Magnetization transfer contrast (MTC), a mechanism that is used to indirectly detect macromolecular properties in magnetic resonance imaging (MRI) by observing the exchange of magnetization between "free" and "restricted" water protons in macromolecules, was originally introduced over 20 years ago . MTC effects vary in human tissues and organs due to different macromolecular compositions therein; as a result, MRI contrast can be generated among these tissues by taking advantage of the different proton exchange levels. The well-known MTC effect has proven beneficial in evaluating the morphology of brain, kidney, and myocardium, as well as improving the contrast between blood and brain parenchyma in intracranial MR angiography [1–5].

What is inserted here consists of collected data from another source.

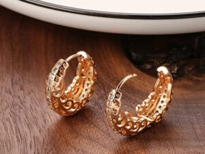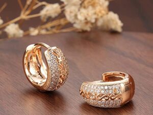 18k Rose Gold Plated Latest Fancy Stylish Copper Zircon Bali Earrings for Women and Girls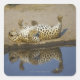 Sticker Carré Léopard (Panthera pardus) femelle roulant sur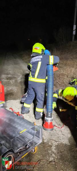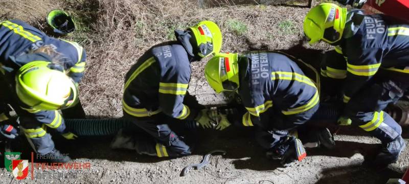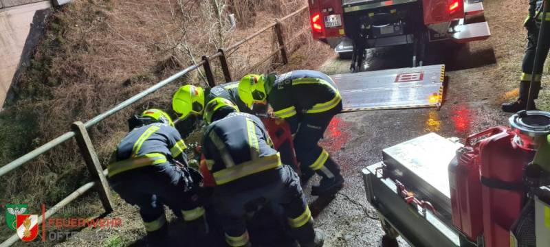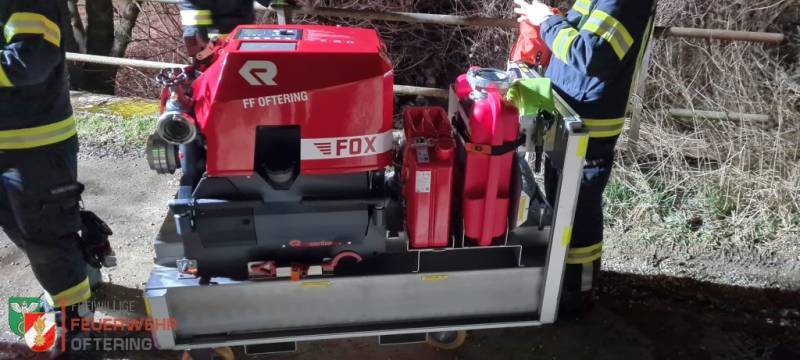 Aus dem stehenden Fahrzeug musste der Rollcontainer Saugstelle entladen, die Fox positioniert und eine Saugleitung zu dem vorbeifliessenden Bach verlegt werden. Sobald an beiden Abgängen der Tragkraftspritze, die C-Strahlrohre mit 200 l/min versorgt waren, stoppte die Zeit.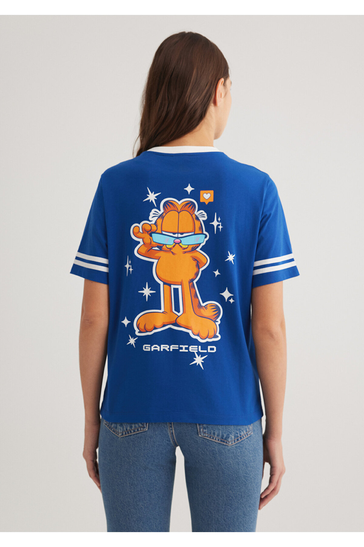 تیشرت آبی طرح گارفیلد سایز معمولی 1613268-89855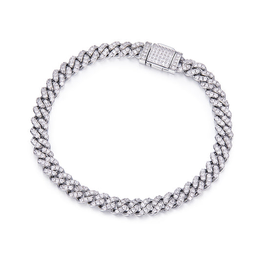 Men's 6mm Cuban Link Bracelet with Full Round VVS Moissanite – Sterling Silver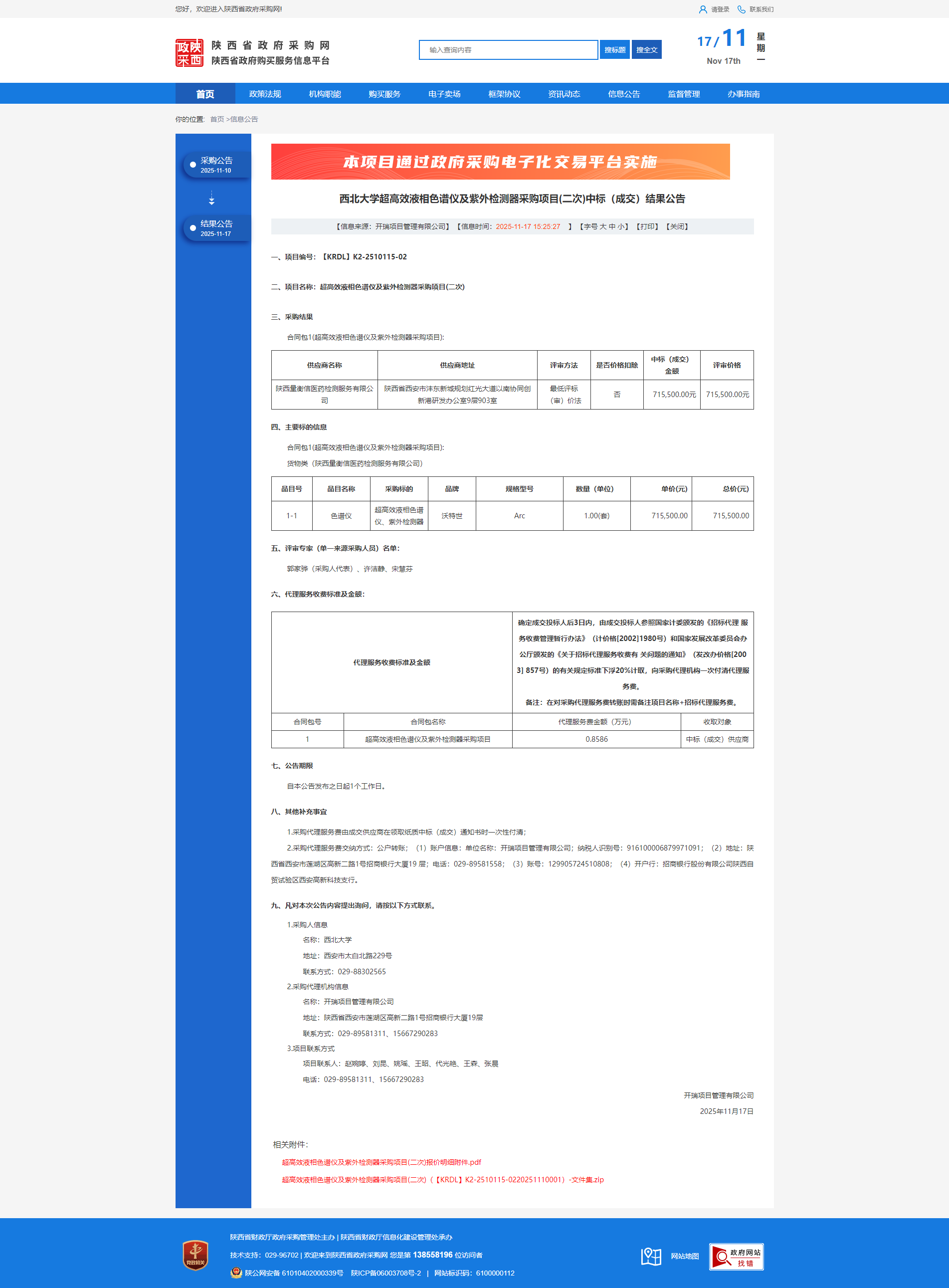 天空(中国)超高效液相色谱仪及紫外检测器采购项目(二次)中标(成交)结果公告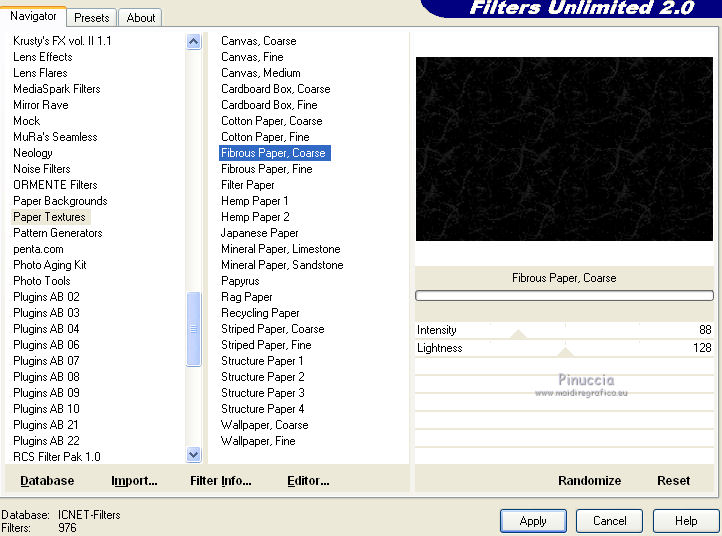 20. Effetti>Plugins>Filters Unlimited 2.0 - Paper Textures - Fibrous Paper, Coarse, con i settaggi standard.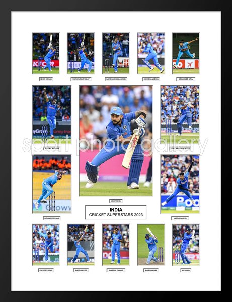 A stunning team special collage celebrating the brilliance of the current India One Day Cricket team showcasing their talents so spectacularly in the World Cup in 2023.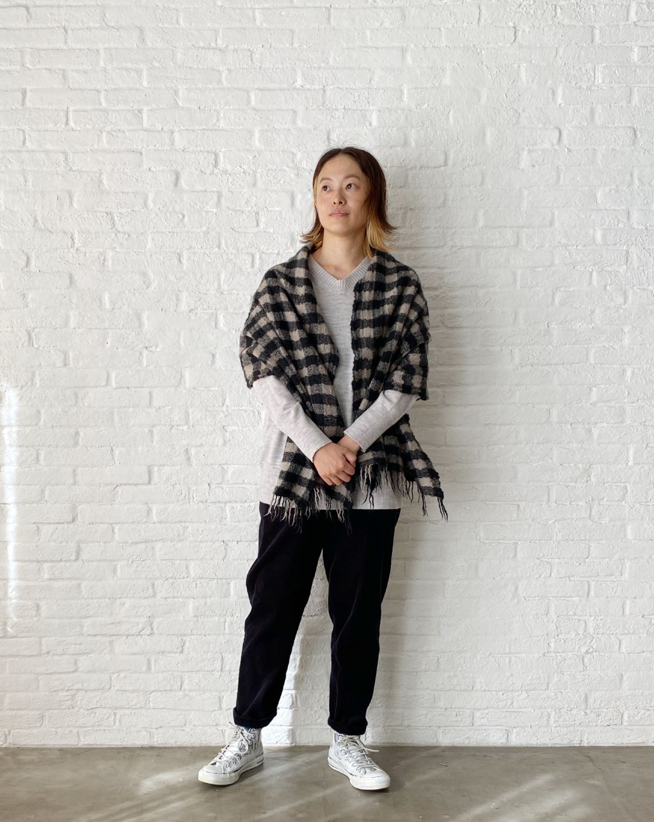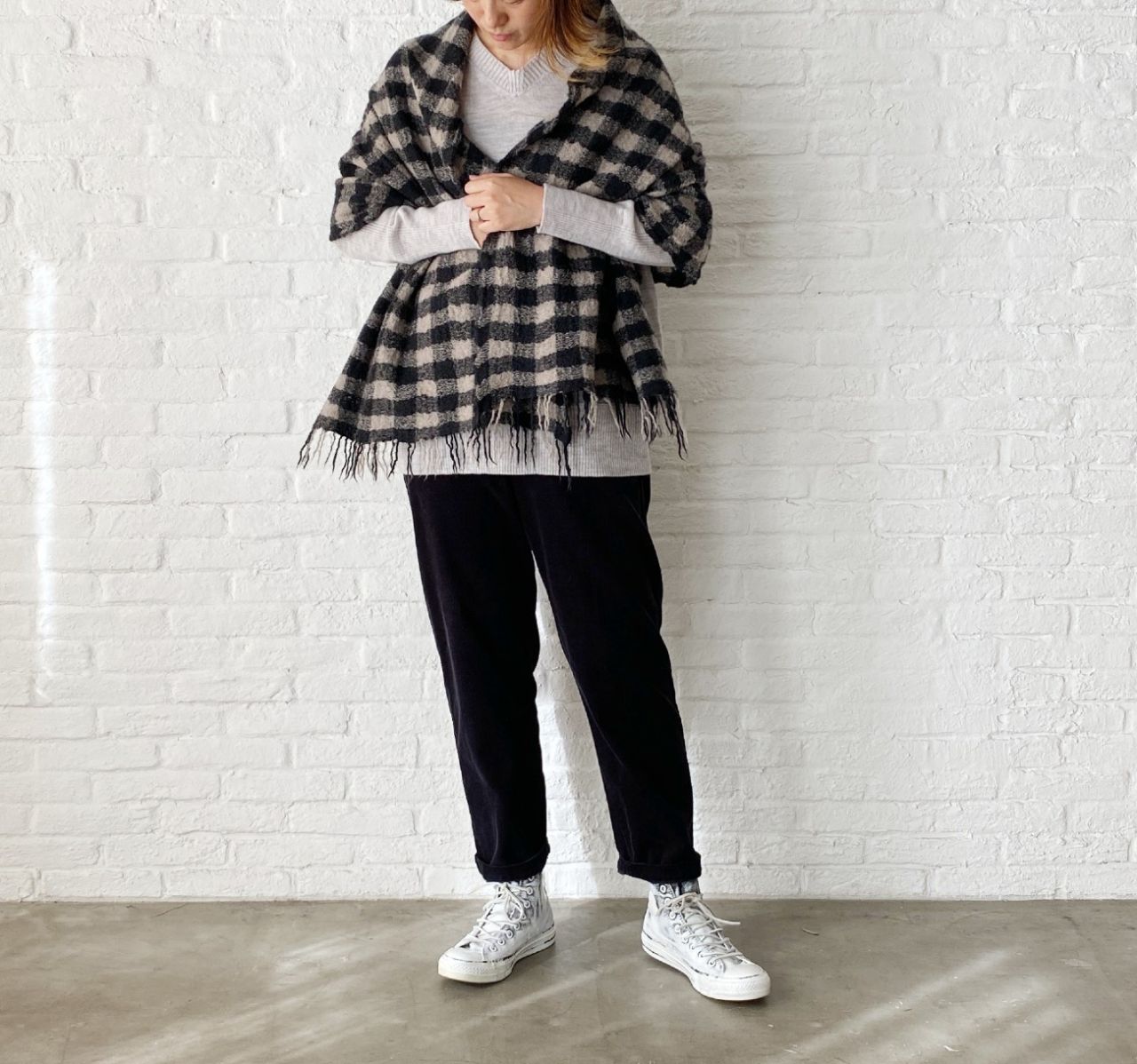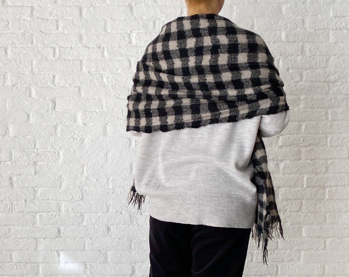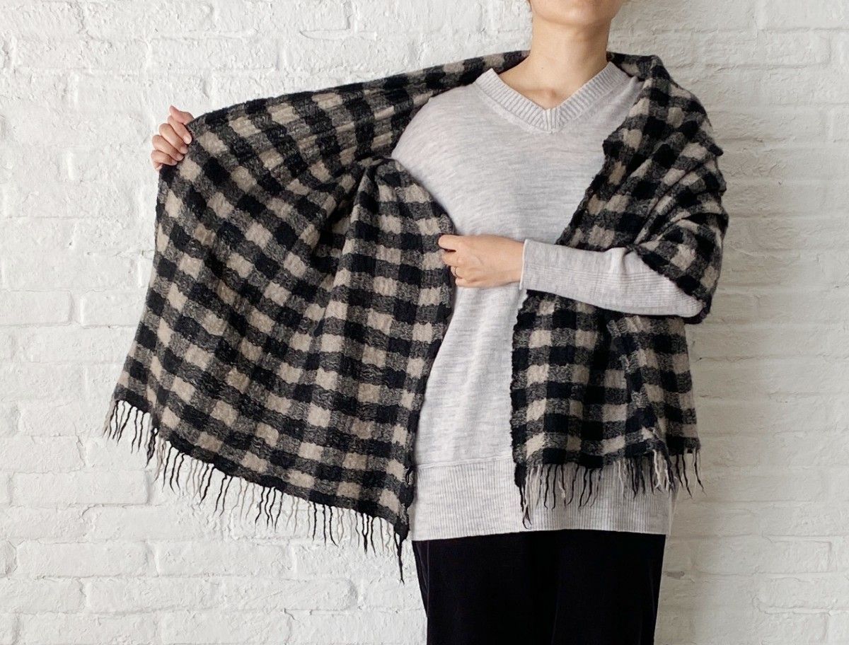 本日 再入荷 の ギンガムストール も絡めて、Gray ~ Black の同系色コーディネートのご紹介です。
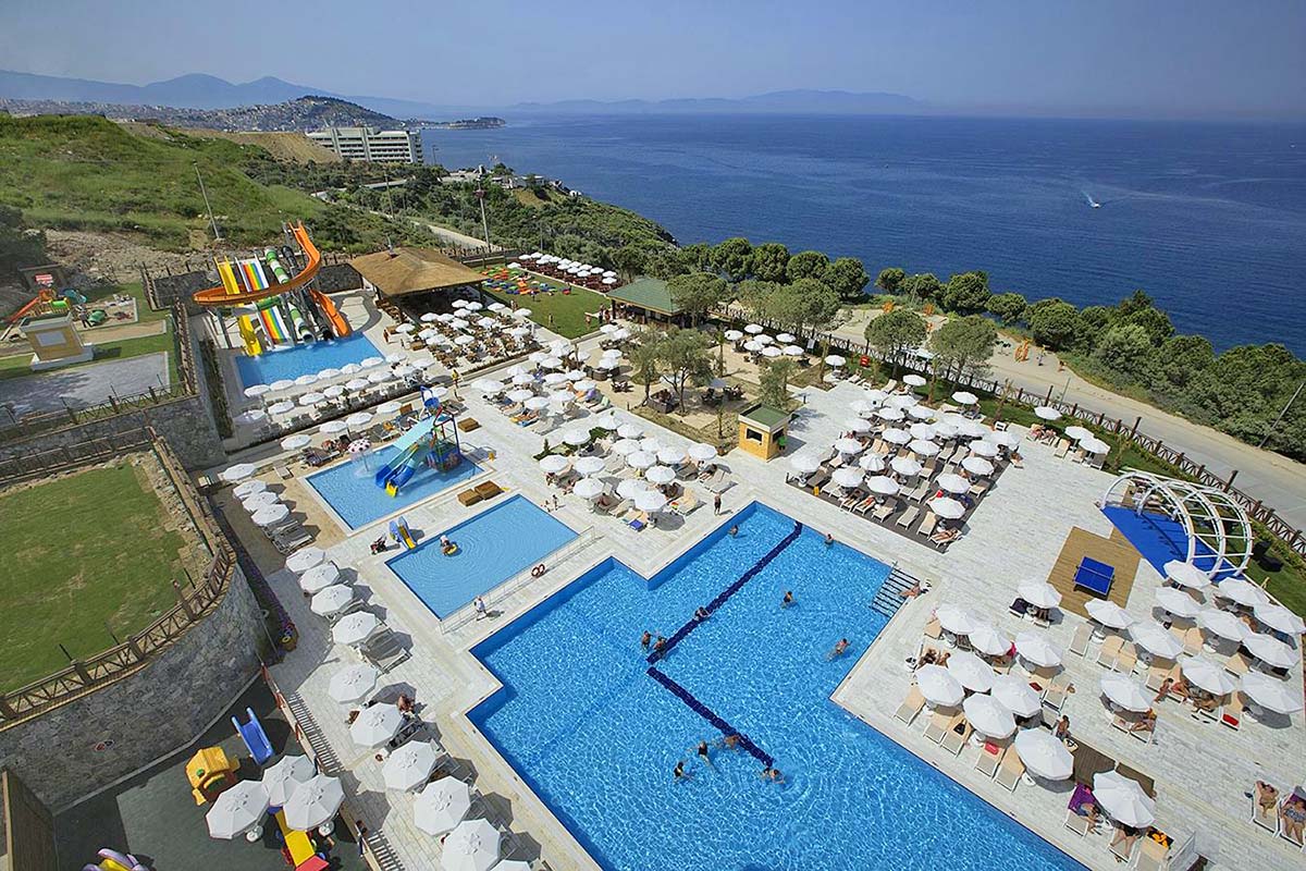 This hotel and resort also operates together with Kusadasi International Golf Club and so will appeal to golfers as well as holiday makers. Providing the unrivalled service and quality of the Wyndham group, guests can benefit from a wealth of excellent amenities for their comfort and convenience including a multi-purpose sports hall, cinema and aqua park. The resort is situated 1.5 km from Kusadasi's popular yacht marina shopping centre and the nearest beach is at Kustur, 2 km away and easily reached by public transport which runs close by.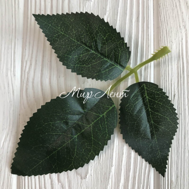 Листики розы на веточке (большие 3 шт.), 12х12 см, зеленый, упаковка 100 шт.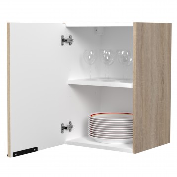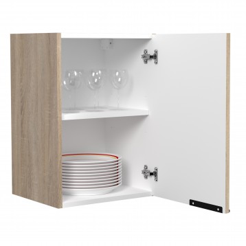 Atención personalizadaDescubre el módulo de cocina superior Arko, una solución práctica para optimizar el almacenamiento en tu cocina. Con sus dimensiones de 40x36 cm, este mueble de cocina es perfecto para aprovechar el espacio al máximo. Cuenta con 1 puerta que, al abrirse, revela un estante ideal para organizar utensilios, vajillas o ingredientes. El diseño del módulo Arko combina la calidez del roble áspero con un elegante detalle en negro, aportando un atractivo contraste que complementa diversos estilos de cocina. El tirador de aluminio lacado en negro no solo proporciona un toque contemporáneo, sino que también asegura un agarre cómodo y seguro al abrir la puerta. Fabricado en melamina, este módulo es una opción asequible y efectiva para quienes desean renovar su cocina sin sacrificar estilo. La combinación de madera clara y negro permite que este mueble se adapte fácilmente a diferentes paletas de colores. ¡Añade este práctico mueble a tu carrito!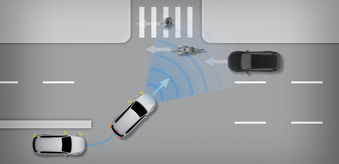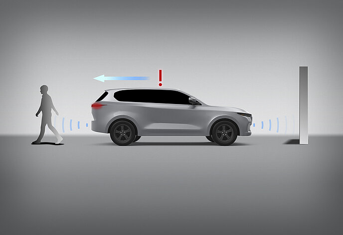 Wenn das Fahrzeug steht und der hintere Radarsensor ein herannahendes Auto oder Fahrrad erkennt, werden die Insassen durch eine Warnleuchte im Außenspiegel auf eine mögliche Kollision aufmerksam gemacht. Wird die Tür dennoch geöffnet, ertönt zusätzlich ein akustisches Warnsignal.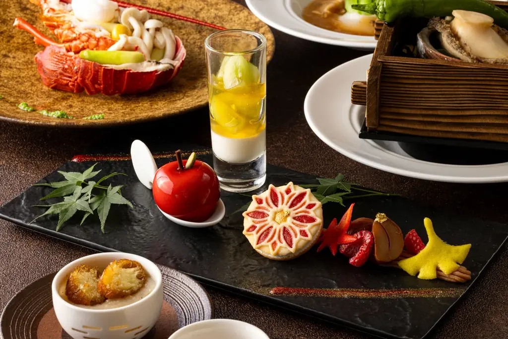 コースは前菜から始まり、海産物や肉料理、そして締めの炒飯とスープ、最後にパティシエール特製デザートで構成される。一品一品に季節感を取り入れており、秋の風情を表現した素材と調理がポイントとなっている。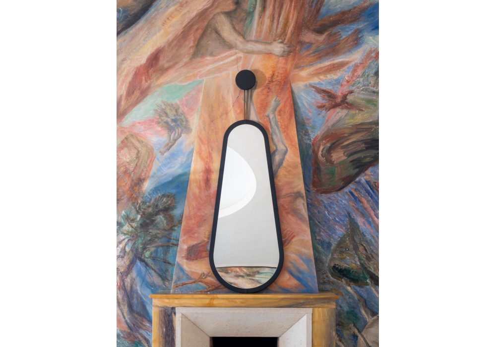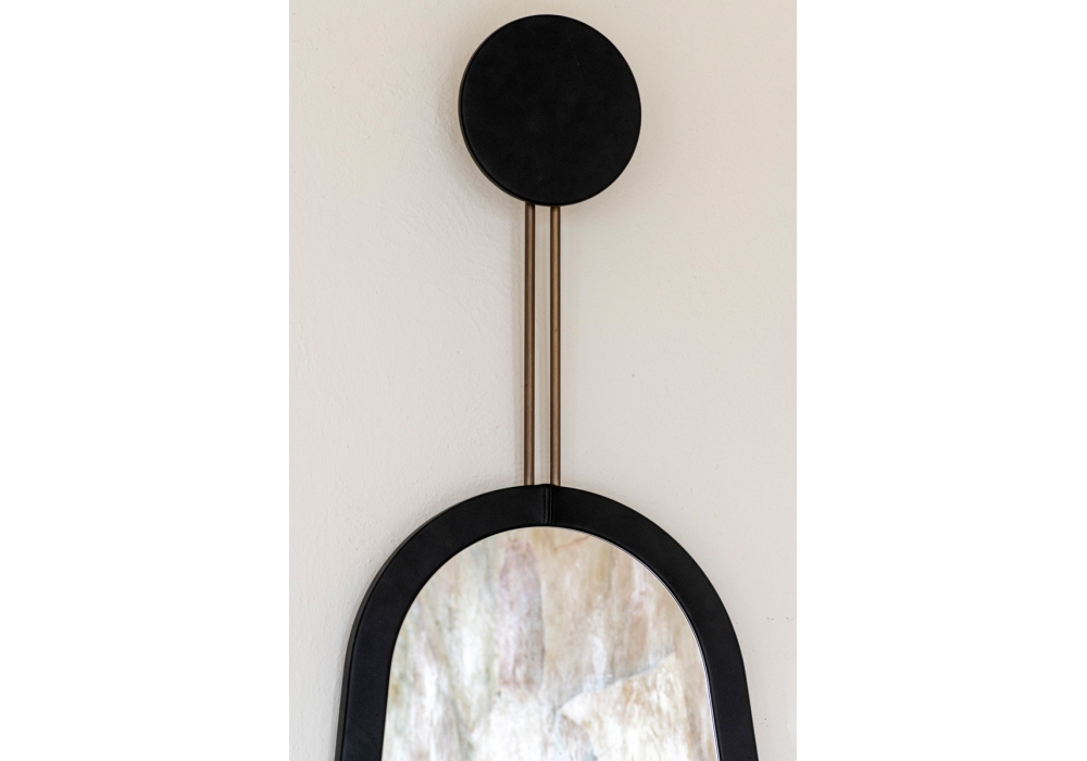 Spring von Serena Confalonieri für Potocco entworfen, ist ein Wand-spiegel mit Profil und kreisförmigem Befestigungselement, bezogen mit Leder in verschiedenen Ausführungen. Die beiden Metallstangen sind aus brüniertem Messing.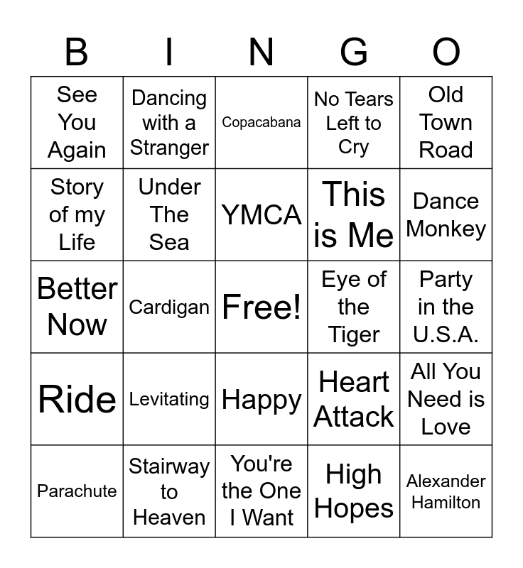 This bingo card has a free space and 54 words: 24K Magic, Ride, Can't Stop the Feeling, Meant to Be, Happy, We are the Champions, No Tears Left to Cry, Don't Stop Believin', Story of my Life, Call me Maybe, See You Again, We're All in This Together, Stairway to Heaven, Parachute, Cupid Shuffle, You're the One I Want, Alexander Hamilton, This is Me, Back in Black, Party in the U.S.A., Heart Attack, Be Our Guest, Eye of the Tiger, Old Town Road, Hey Look Ma, I made it, Dancing with a Stranger, She Got the Best of Me, Happier, Girls Like You, High Hopes, Baby Shark, We will Rock YOu, What Ifs, How Far Will I go, Copacabana, RadioActive, Better Now, All You Need is Love, Let It Go, Under The Sea, Single Ladies, The Middle, Drivers License, Follow You, Levitating, Save Your Tears, 10,000 Hours, Everything I wanted, YMCA, Cardigan, Dance Monkey, King and Queens, Dynamite and What do you mean?.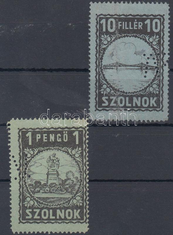 1930 Szolnok városi illetékbélyeg 10f, 1P "Sz.V." lyukasztással https://www.darabanth.com/de/229-Fernauktion/229.0/Andere-Sammelgebiete/Stempelmarken~25/1930-Szolnok-varosi-illetekbelyeg-10f-1P-SzV-lyukasztassal~II1028194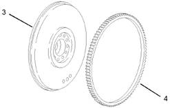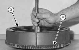 3.等齒圈冷卻后,清潔飛輪(3)和齒圈(4)。

The MTC effect has also been used to study specific exchangeable protons resonating at different frequencies by selectively saturating them and observing the resulting change in the free water signal, a technique known as chemical exchange saturation transfer (CEST) [6,7]. In CEST, protons unobservable in MR spectroscopy due to short lifetime or fast exchange are irradiated by off-resonance RF pulses and observed indirectly in the Z-spectra (i.e., signal observed on resonance as a function of the selective irradiation frequency). However, conventional CEST is used to observe the relative density of H-groups of interest at specific chemical shifts, and the usual offset frequency range (±1000 Hz) does not cover the broad spectrum of ultra-short T2 components far greater than ±1000 Hz in width.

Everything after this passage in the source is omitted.